Abstract - Zymoseptoria tritici is an ascomycete fungus that causes Septoria tritici leaf blotch disease, which is one of the most devastating diseases of wheat specially in Europe. The lack of molecular tools has withheld functional genomics and consequently has left extensive gaps in the knowledge of the biology of infection by Z. tritici. The current research was conducted to develop molecular tools in order to facilitate forward and reserves genetic screens in Z. tritici. These tools include CRISPR/Cas9 genome editing that could provide high frequency targeted genome manipulations, agrobacterium mediated transformation and UV-mutagenesis to characterize putative effector candidate genes in Z. tritici.
We tested the efficacy of CRISPR/Cas9 approach in Z. tritici targeting two non-essential genes, nitrate reductase (NiaD) and Orotidine 5/-phosphate decarboxylase (PyrG). We attempted different approaches to deliver Cas9-gRNA complex into Z. tritici but neither approach generated CRISPR generated mutations questioning the suitability of CRISPR/Cas9 genome editing in Z. tritici. In contrast, successful gene editing was observed in another necrotrophic fungus, Parastagonospora nodorum, with higher efficiencies targeting the Tox3 effector gene. These data highlight the significant potential that CRISPR/Cas9 has in improving reverse genetics in plant pathogenic fungi but also that its efficacy is dependent on the targeted pathogen.

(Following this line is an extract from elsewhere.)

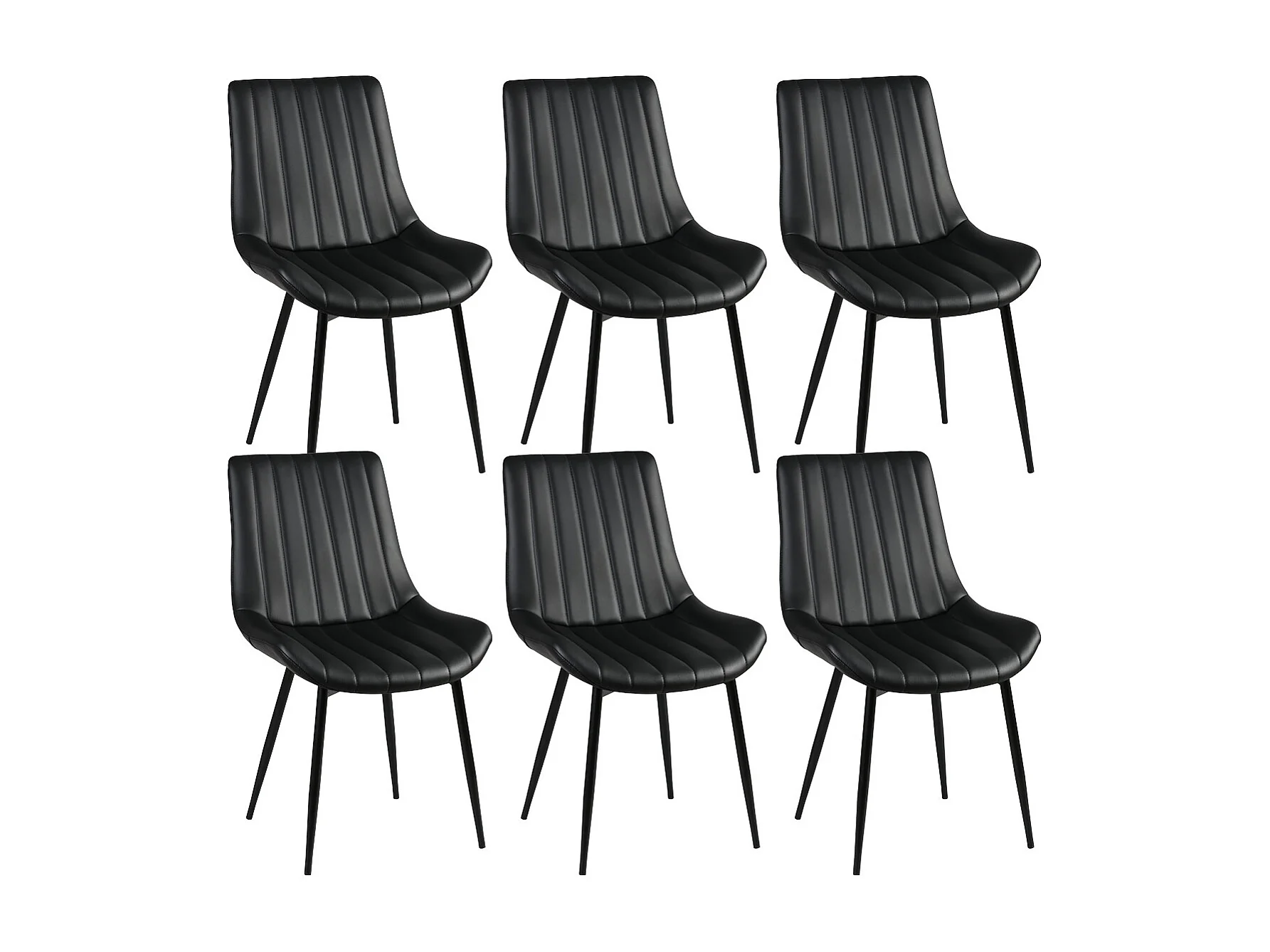 CAROLANN - Lot de 6 Chaises Noires Métal et PVC

We identified candidate genes based on in planta functional analysis, RNA sequencing and proteomics analysis from Z. tritici in Solomon lab. Agrobacterium-mediated transformation was used to check the involvement of these genes in pathogenicity and were functionally characterized and validated their role in disease caused by Z. tritici. Two of these candidate genes, Zt61 and Zt10 play a key role in virulence of Z. tritici which has been confirmed through in planta assays. Zt61 protein has a structure similarity to bacterial expansin protein and is responsible for chlorotic and necrotic activity when infiltrated into wheat. Mutation in its three amino acid residues results in a decrease in phenotype confirming their role in activity. Overall, the molecular tools developed in this study will facilitate large-scale functional genomic analysis to interrogate the biology of infection by Z. tritici.
Biography- I joined Peter Solomon lab as a PhD candidate in June 2016. Prior to my PhD, I was employed as a research assistant at Institute of Biotechnology and Genetic Engineering (IBGE) in Pakistan working on Sugarcane genetics. I studied a Bachelor of Science (Honours) and M.Phil degree in Biotechnology from IBGE, KPK, Pakistan.